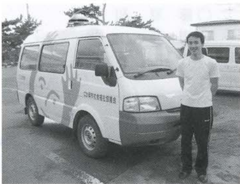
▲関さん これから訪問入浴車「ふろっこ2号」で利用者のお宅へ出発です
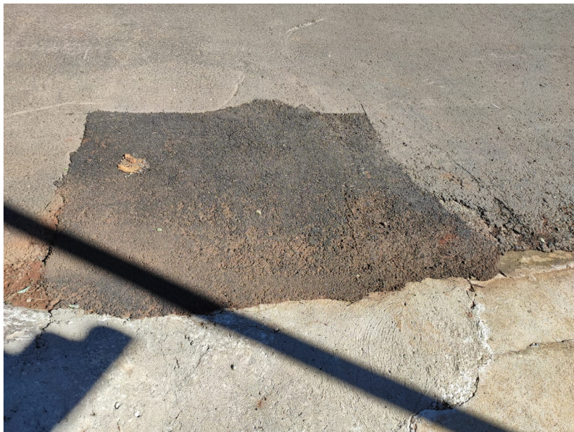
Recomposição adequada. Além da recomposição de CBUQ, também foi realizada a recomposição do passeio.
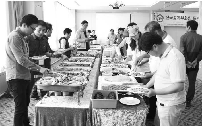
▲ 오찬 시간 중계부화지부 회원간 단합과 업계현안사항에 대해 토론이 있었다.
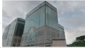
OKAMOTO OPTECH CO., LTD.(台湾) 光学、照明、機能性ガラス、薄膜製品等の販売及び調達
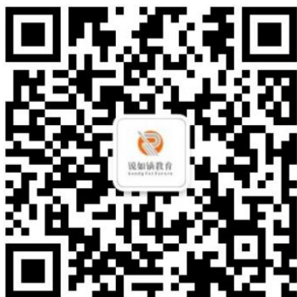
锐如镒教师 官方公众号
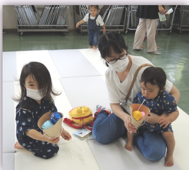
ほら見て～アイスできたよ♥
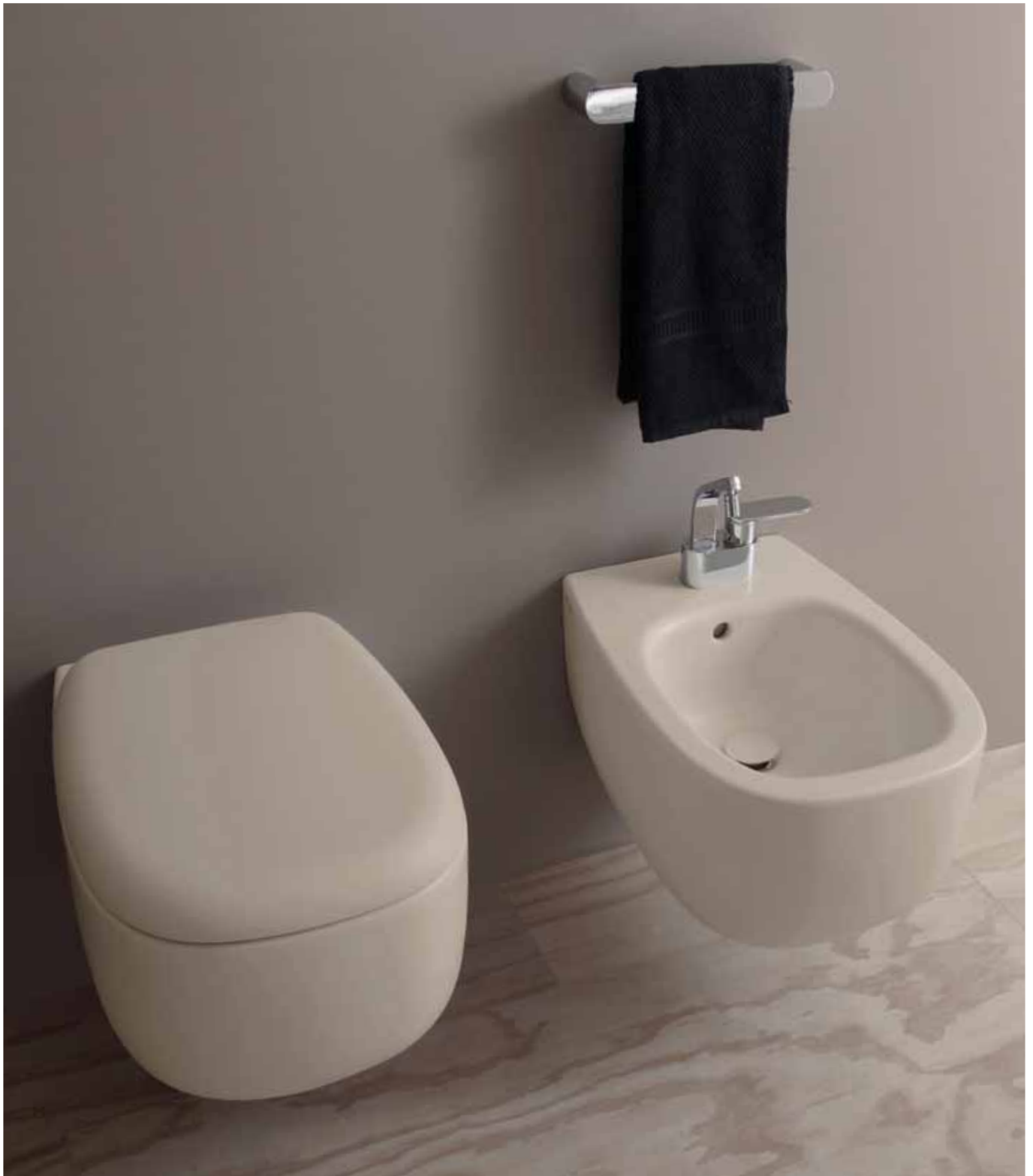
Bonola _ Argilla art. BN118G-BNCW03 / BN218 - 54 x 38 x h 27 cm
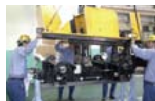
ジェットコースターの分解整備

当社が運営する「ひらかたパーク」では、鉄道技術部門が安全を確認し、さらに一部の遊戯機のメンテナンスを寝屋川車両基地で行っています。鉄道会社直営の強みを活かし、ひらかたパークと車両部門が協力し、高い技術レベルで遊戯機の安全を支えています。
---*---
→ **TASK DETAILS**: Your copy should hold exactly the lines from the one with "ほら見て～アイスできたよ♥" through the end of the records, both included, and no pictures.

→ **ANSWER SECTION**:
ほら見て～アイスできたよ♥
Bonola _ Argilla art. BN118G-BNCW03 / BN218 - 54 x 38 x h 27 cm
ジェットコースターの分解整備

当社が運営する「ひらかたパーク」では、鉄道技術部門が安全を確認し、さらに一部の遊戯機のメンテナンスを寝屋川車両基地で行っています。鉄道会社直営の強みを活かし、ひらかたパークと車両部門が協力し、高い技術レベルで遊戯機の安全を支えています。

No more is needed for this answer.